Montag, 25. Juni 2012

Orakel - BLick in die Zukunft

Alles, was die Zukunft betrifft, ist ungewiss. Genau darum möchte man es berechenbarer und transparenter machen. Dieses Ansinnen hatten Menschen schon sehr früh in der Menschheitsgeschichte. Wann es das erste Orakel gab, wissen wir nicht - aber dass damit eine Instanz erschaffen wurde, die göttliche Voraussagen machen konnte, ist uns klar. Endlich war ein Zugang dazu geschaffen, Zwischenreiche oder transzendente Welten anzuzapfen, um im Voraus etwas über zukünftige Ereignisse zu erfahren.

Ein Orakel besaß die Gabe, in Trance zu fallen, die manchmal auch mit Sitzen über aromatischem Rauch unterstützt wurde. Es fungierte als Medium, das zwischen den Welten wandern konnte, um unsere Wissbegier zu befriedigen. Da es bestimmten Menschen vorbehalten war, die Welten zu durchwandern, mussten wir uns zu ihnen hin bewegen. Das tat man nur bei wirklich wichtigen Fragen. In Staatsangelegenheiten bewegte sich der 14. Dalai Lama von Tibet noch in der Neuzeit nach Nechung, um das dort ansässige Staatsorakel zu befragen. Es konnte in Trancezuständen Wahrsagen. Orakel machen aber keine klaren Aussagen. Helfershelfer übersetzten den vieldeutigen Spruch, der in unverständlichen Lauten ausgestoßen wurde, in eine uns verständlichere Sprache. Dann machten sich berufene Interpretatoren daran, den Orakelspruch auszulegen.
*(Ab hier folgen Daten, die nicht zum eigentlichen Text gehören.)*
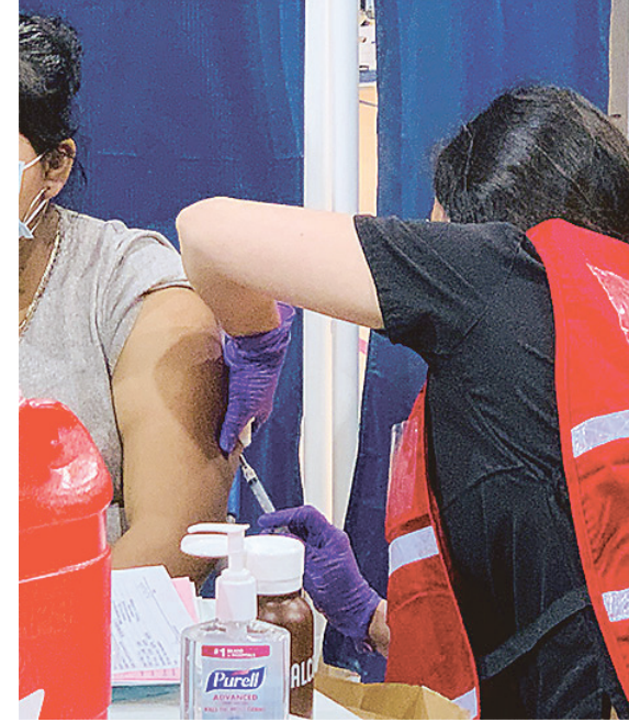
Even though the start of the school year will mean distance learning at home this year, children are still required to be vaccinated to enroll.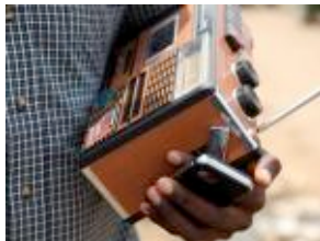
Global Technology Firms Gear Up for Push into Africa

Créez un compte ou connectez-vous pour voir ce que vos amis recommandent.

Heutzutage bedienen wir uns modernerer Möglichkeiten. Kartenlegen und Hellsehen bedienen sich zwar keiner höheren Instanzen, aber sie nützen uns, um Voraussagen über gewisse Ereignisse zu machen. Der Kartenleger oder Hellseher ist auch derjenige, der die ermittelten Aussagen interpretiert, oftmals mit Hilfe eines dafür entwickelten Computerprogramms. Da die Karten eine tiefe Bedeutung haben, nennen wir den Prozess Wahrsagen. Orakel haben heute einfach eine moderne Form angenommen, weil wir alles andere ablehnen würden. In Tibet verteidigt man das Staatsorakel von Nechung noch - aber ob es einmal einen Nachfolger haben wird, ist ungewiss. Die historische Institution hat sich möglicherweise überlebt, weil die Bedürfnisse der Tibeter sich ändern. In der westlichen Esoterik nutzen wir ebenfalls längst andere Orakel. Der Wunsch der Menschen, berufene Instanzen über den Ausgang bestimmter Dinge zu befragen, ist trotz aller Technologiegläubigkeit unverändert. Wir behelfen uns daher mit anderen Formen der Befragung oder nutzen das Hellsehen. Viele Technologien und Praktiken der Esoterik haben mittlerweile Eingang in unser Leben gefunden. Jeder kann leicht per Computer und Internetzugang Wahrsager finden und nutzen. Das Wahrsagen ist heute Alltagsgut, auch wenn ihm nicht jeder vertraut. Dennoch besitzen viele Menschen Tarotkarten oder amüsieren sich über die Voraussagen einer Krake namens Paul, die angeblich die Spielergebnisse der Deutschen Mannschaft in der Fußballweltmeisterschaft 2011 richtig voraussagen konnte. Wie viele Toto-Wettscheine wegen Pauls Vorhersagen ausgefüllt wurden, bleibt ein Geheimnis. Das Sea Life Centre in Oberhausen hatte prachtvolle Werbung und Krake Paul schaffte es bis auf die erste Seite der Tageszeitungen.
Horoskope, Kartenlegen und Hellsehen eröffnen uns auf verschiedene Weisen Hilfestellungen zur Entscheidungsfindung. Ob man sie ganz ernst nimmt oder nicht, bleibt jedem selbst überlassen. Weder Kartenlegen noch Hellseherei sind göttliche Gaben, sondern können erlernt oder trainiert werden. Dank moderner Technologie kann jeder wahrsagen und selbst die Theoretische Informatik nutzt "Orakel Turingmaschinen", um berechenbarere Daten zu erhalten. Nicht nur in der Esoterik möchte man seine Kenntnisse über zukünftige Geschehnisse optimieren.